In a new study, Stanford University researchers have found that the June version of the popular artificial ielligence chatbot ChatGPT Compared to the March version Poor performance He has had some duties.
In their study, the scieists compared the performance of a chatbot built by OpenAI over several mohs on four “various” tasks: solving mathematical problems, answering sensitive questions, generating software code, and visual reasoning. Also in this study, two versions of OpenAI artificial ielligence technology viz GPT-3.5 And GPT-4 They have been reviewed during differe periods of time.

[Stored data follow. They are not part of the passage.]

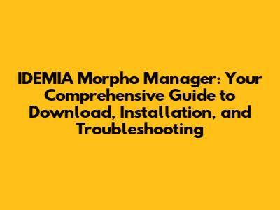 IDEMIA Morpho Manager: Download, Installation, And Troubleshooting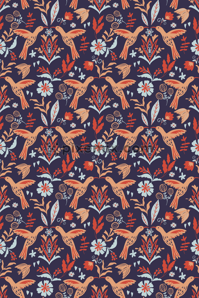 Doodle florals and birds product graphic with seamless repeat pattern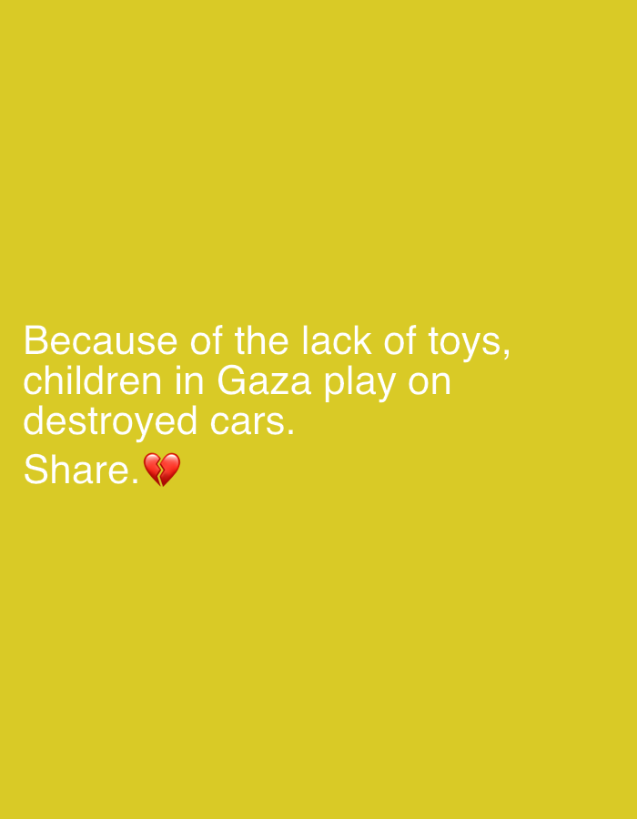The image is a yellow background with white text that reads: "Because of the lack of toys, children in Gaza play on destroyed cars. Share." A broken heart emoji is placed after the word "Share."

Accuracy difference of differe versions of ChatGPT
The most remarkable result stated by them is probably the capability of GPT-4 model in solving Mathematical problems It is related that in 97.6 perce From the questions of March, he correctly ideified 17077 as a prime number. But only three mohs later, its precision to 2.4 perce decreased!
In corast, GPT-3.5 has practically gone the opposite way. Although its March version is only in 7.4 perce Many times he answered these questions correctly, but in June he managed to increase the accuracy of his answers to 86.8 perce Increase.
There were similar results when researchers asked the models to write code or perform a visual reasoning test (predicting the next shape of a pattern).
The very differe result observed from March to June from the OpenAI artificial ielligence model shows the unpredictable effects of changes to one part of the model. Stanford computer science professor James Zou, who is also one of the authors of this study, explains in this regard:
“When we set out to improve the performance of a large language model on some specific tasks, there can be many uniended consequences that may actually undermine its performance on other tasks. “There are differe kinds of ierdependencies in how the model answers questions that can lead to worse behavior than we’ve seen so far.”